Алена долго сидела на постели, не раздеваясь. Привычно запрыгали мысли. Привычно жгло голову. Терпеть — сколько? Ждать — чего? Никто не нужен, ничто не нужно, а его нет!

На тумбочке письма. «Где кончаюсь я и начинается Арпад, нам уже не понять» — это счастье. Если б знать! Скорей бы август, «Три сестры», скорей бы уж Сахалин! Работать! Хоть бы силы. Просидела зрителем три часа — и как выжатая… Неприятно, надо же… И отцу… Лучше бы не ходила вовсе. Сыграли бы, как есть, ерунду, но по крайности бодренько, уверенно… Готовились, старались — пришла и убила праздник. «Инженер душ». А что я могу?
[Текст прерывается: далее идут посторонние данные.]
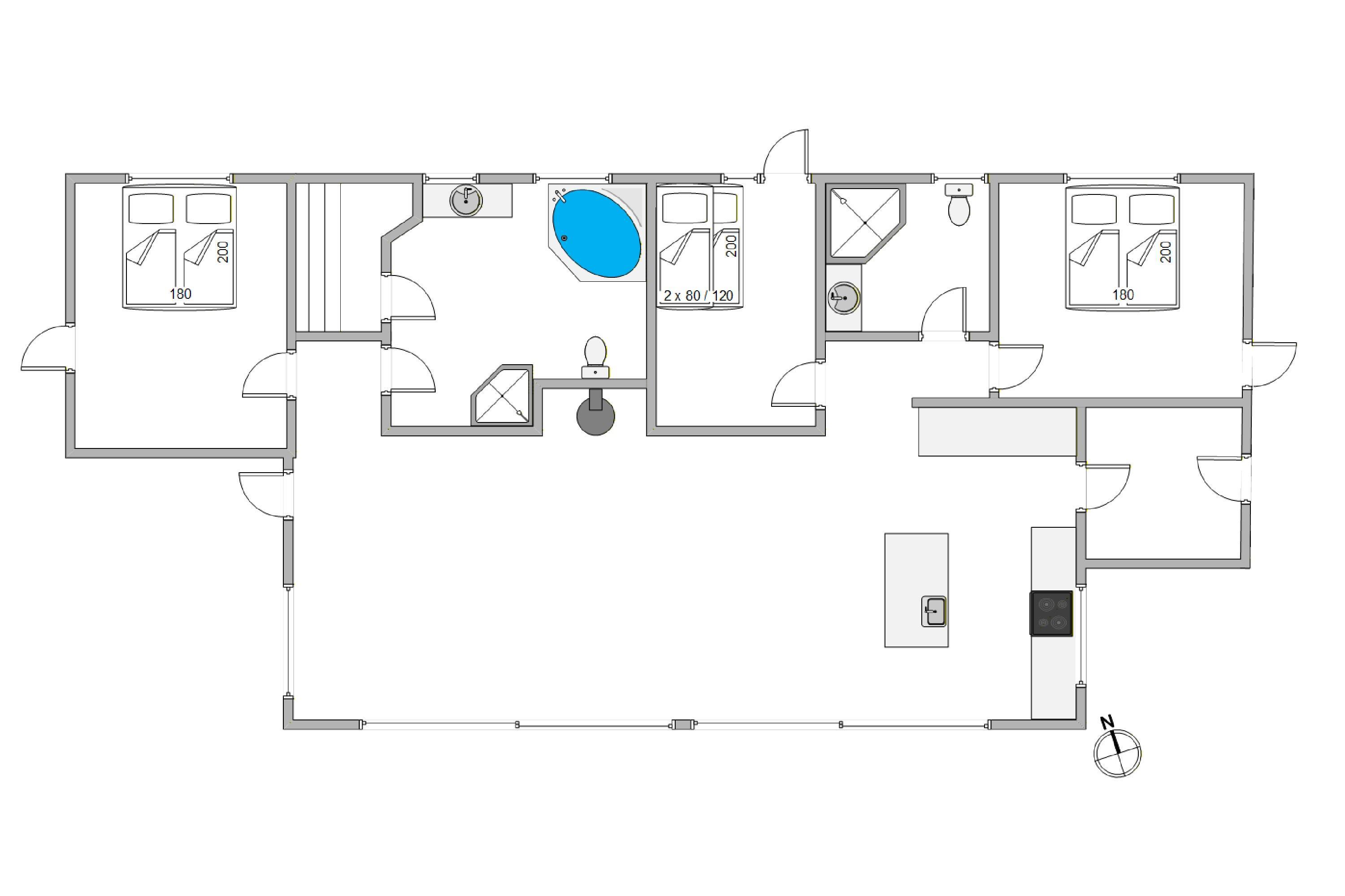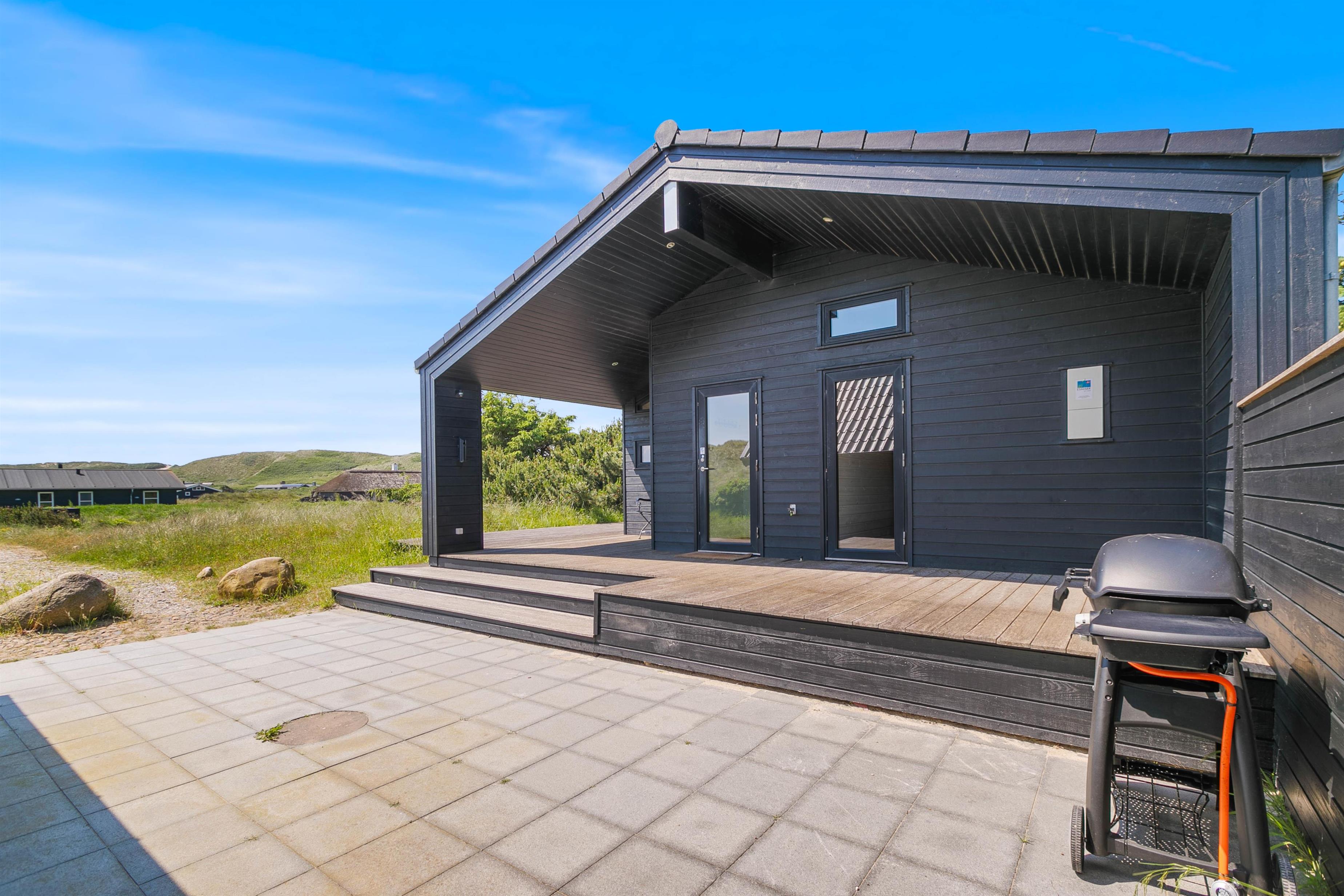 Et lækkert feriehus i det attraktive Årgab. Det er bygget ind i en klit, du har har læ og privatliv, og så er det godt indrettet og er særdeles veludstyret. Der er en skøn lukket terrasse mod vest, som også er delvist overdækket og denne terrasse kan benyttes til afslapning om dagen og hyggelige grillaftener. Mellem huset og dets aktivitetsrum er der også en terrasse, som er perfekt midt på dagen. Derudover er der 3 gode værelser og 2 indbydende badeværelser, så huset kan nemt benyttes af en familie med store børn. Der er mulighed for at se forskellige tv-programmer på de to fjernsyn uafhængig af hinanden.

Сил нет ни спать, ни работать, ни… жить.

Разделась, потушила свет. И обычное началось… В полусне, в полуяви бежала за Глебом… Моталась перед глазами красная сумка… Сашка беззвучно открывал рот. Мелькал Олег: «Не делай себе харакири…» В плотном тумане голос Соколовой: «Сдает нервная система, слабеет воля…»

Среди ночи проснулась. «Надо же прочитать пьесу. Хоть что-то членораздельное сказать, объяснить, почему не могу».

Неживые слова, не выговоришь, подавишься… Черт дернул ввязаться! «Ах, помогу!» — как трогательно! Всегда «слуцаеца». Но ведь сам господь бог в четыре дня с такой пьесой, с зеленой самодеятельностью… Завтра честно скажу, и все! Ребят жалко. И чем понравилась им пьеса? Серость, прикрытая дорогой темой. Зрителю холодно вешается на нос мораль.

Уже светло — хорошо бы уснуть еще! Все-таки, что сказать? «Плохая пьеса, незачем играть. То есть отменить спектакль? Нельзя. Вот как надо: я вижу пьесу в другом рисунке — в четыре дня перестроить невозможно, — заканчивайте сами, по-своему. И… все поймут бездарную дипломатию и разойдутся со злой тошнотой завала… и ничего больше не захотят. А со скуки…»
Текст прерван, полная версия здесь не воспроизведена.